§ **Task details**
Exactly reproduce the lines of the listing below from the one containing "11月29日1时06分,刘浩" through the one containing "70-00男女演员播剧成绩表". Skip the images.

##### Given entries #####

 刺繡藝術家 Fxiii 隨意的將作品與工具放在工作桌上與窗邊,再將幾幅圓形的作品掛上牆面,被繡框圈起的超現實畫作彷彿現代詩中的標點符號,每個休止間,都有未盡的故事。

#####
##### Given entries #####

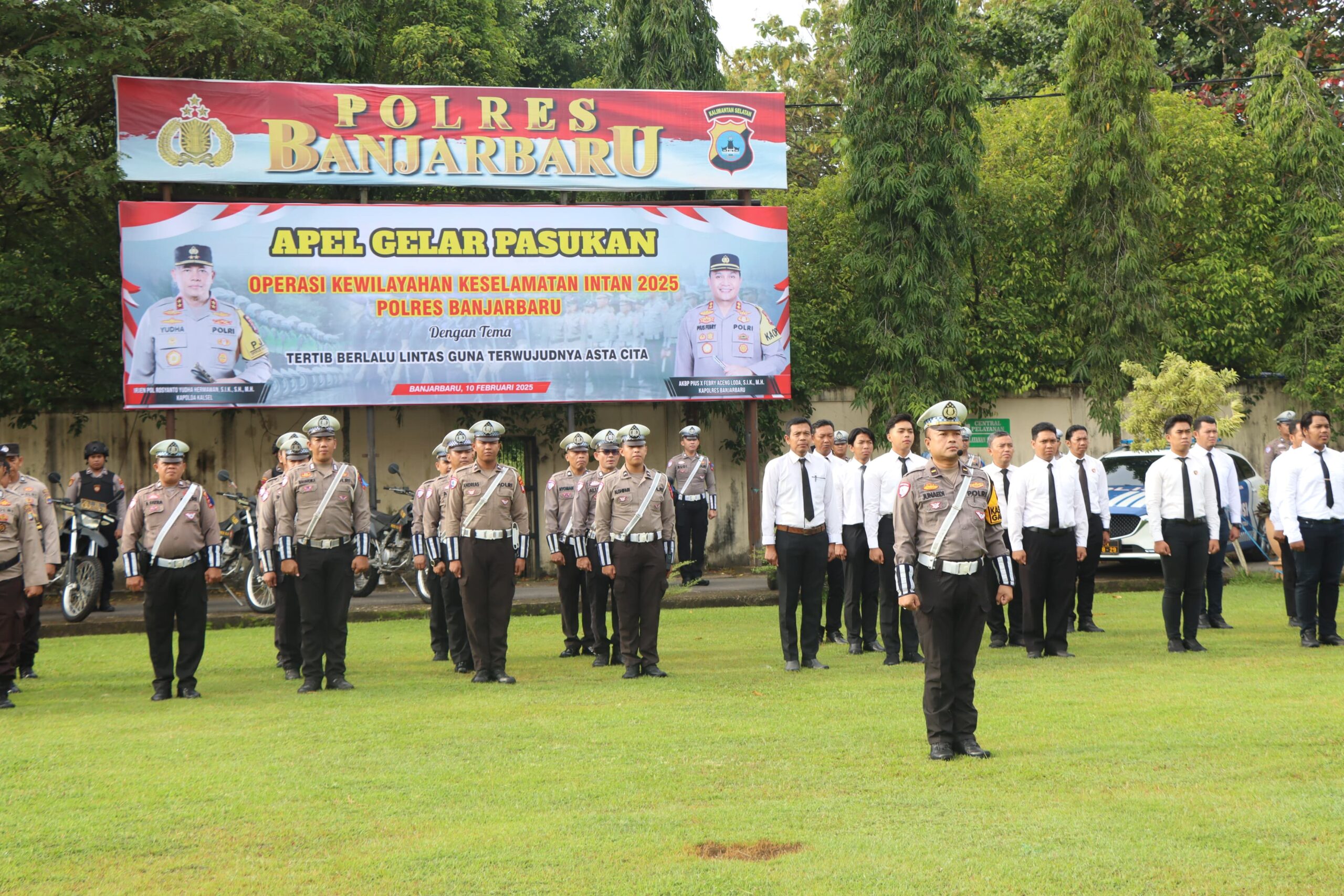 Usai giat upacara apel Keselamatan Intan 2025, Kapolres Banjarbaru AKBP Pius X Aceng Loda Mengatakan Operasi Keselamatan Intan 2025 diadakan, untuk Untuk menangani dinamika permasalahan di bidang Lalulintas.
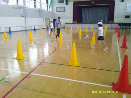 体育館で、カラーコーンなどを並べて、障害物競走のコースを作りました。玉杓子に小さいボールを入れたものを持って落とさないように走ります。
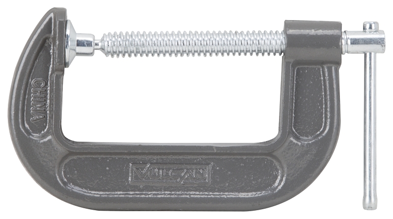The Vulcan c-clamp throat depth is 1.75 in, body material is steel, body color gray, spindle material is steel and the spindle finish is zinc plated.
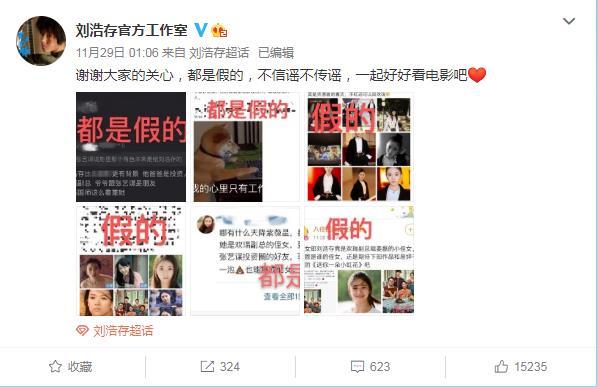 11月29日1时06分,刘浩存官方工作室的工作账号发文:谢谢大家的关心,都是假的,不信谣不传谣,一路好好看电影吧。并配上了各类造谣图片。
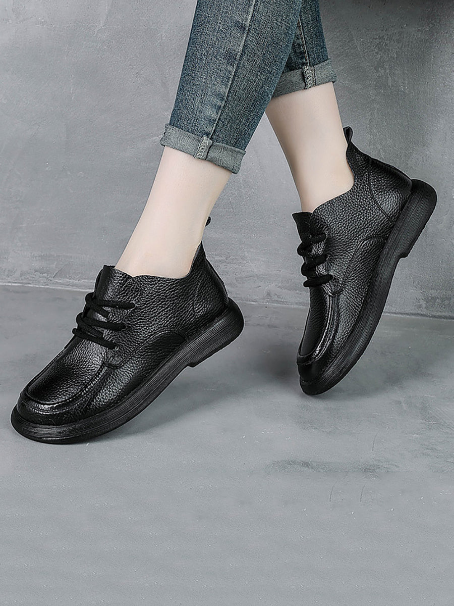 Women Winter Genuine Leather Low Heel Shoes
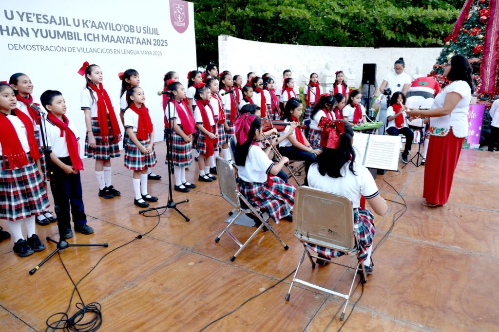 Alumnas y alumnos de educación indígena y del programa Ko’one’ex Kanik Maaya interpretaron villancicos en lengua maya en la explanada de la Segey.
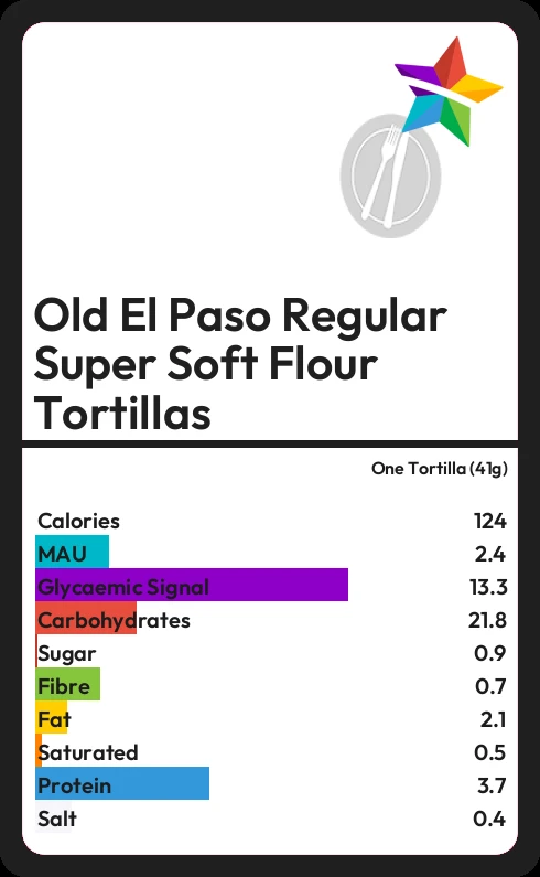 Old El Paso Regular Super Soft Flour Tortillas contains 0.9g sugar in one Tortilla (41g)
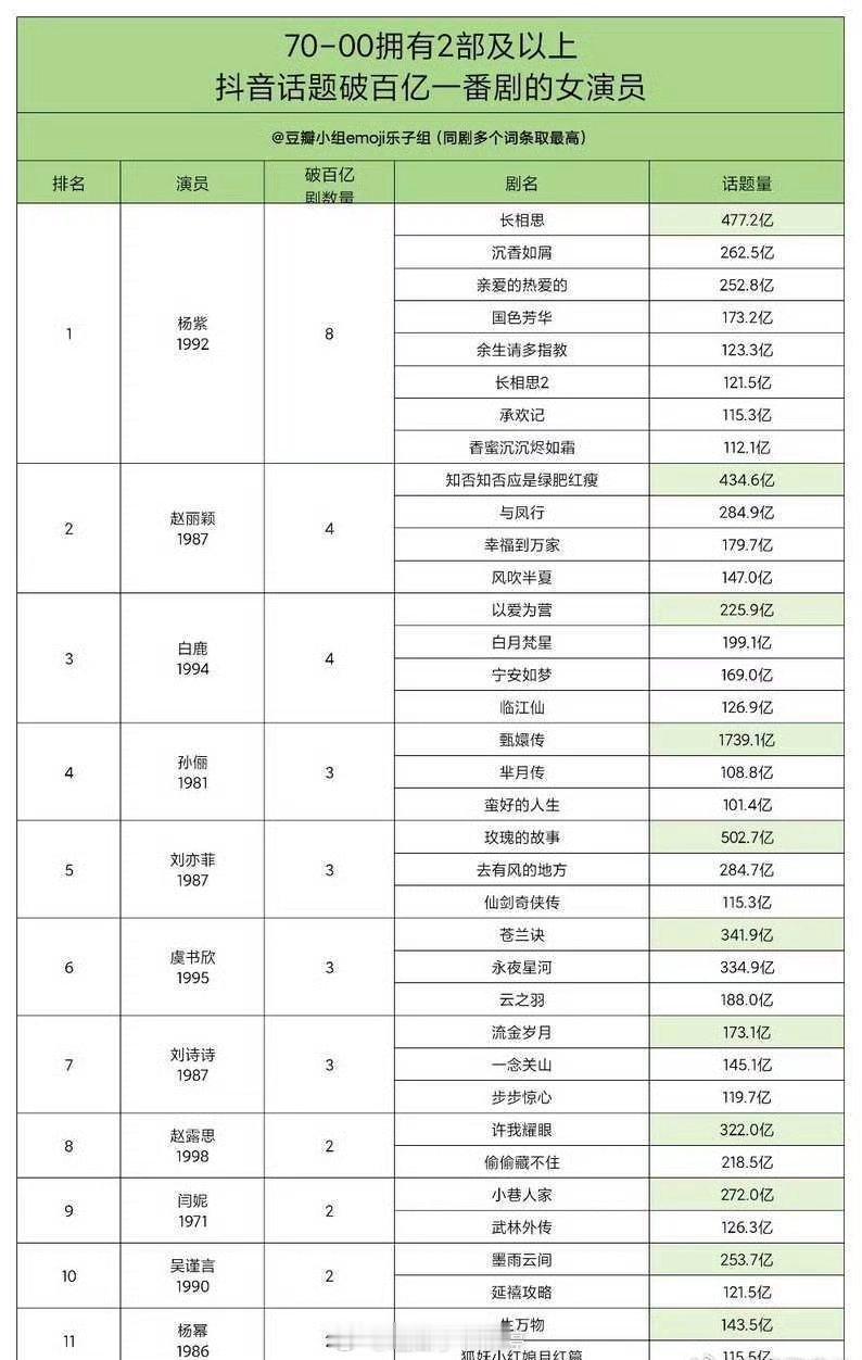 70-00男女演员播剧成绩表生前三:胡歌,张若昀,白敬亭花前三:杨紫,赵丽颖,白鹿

#####

§ **Expected answer**
 11月29日1时06分,刘浩存官方工作室的工作账号发文:谢谢大家的关心,都是假的,不信谣不传谣,一路好好看电影吧。并配上了各类造谣图片。
 Women Winter Genuine Leather Low Heel Shoes
 Alumnas y alumnos de educación indígena y del programa Ko’one’ex Kanik Maaya interpretaron villancicos en lengua maya en la explanada de la Segey.
 Old El Paso Regular Super Soft Flour Tortillas contains 0.9g sugar in one Tortilla (41g)
 70-00男女演员播剧成绩表生前三:胡歌,张若昀,白敬亭花前三:杨紫,赵丽颖,白鹿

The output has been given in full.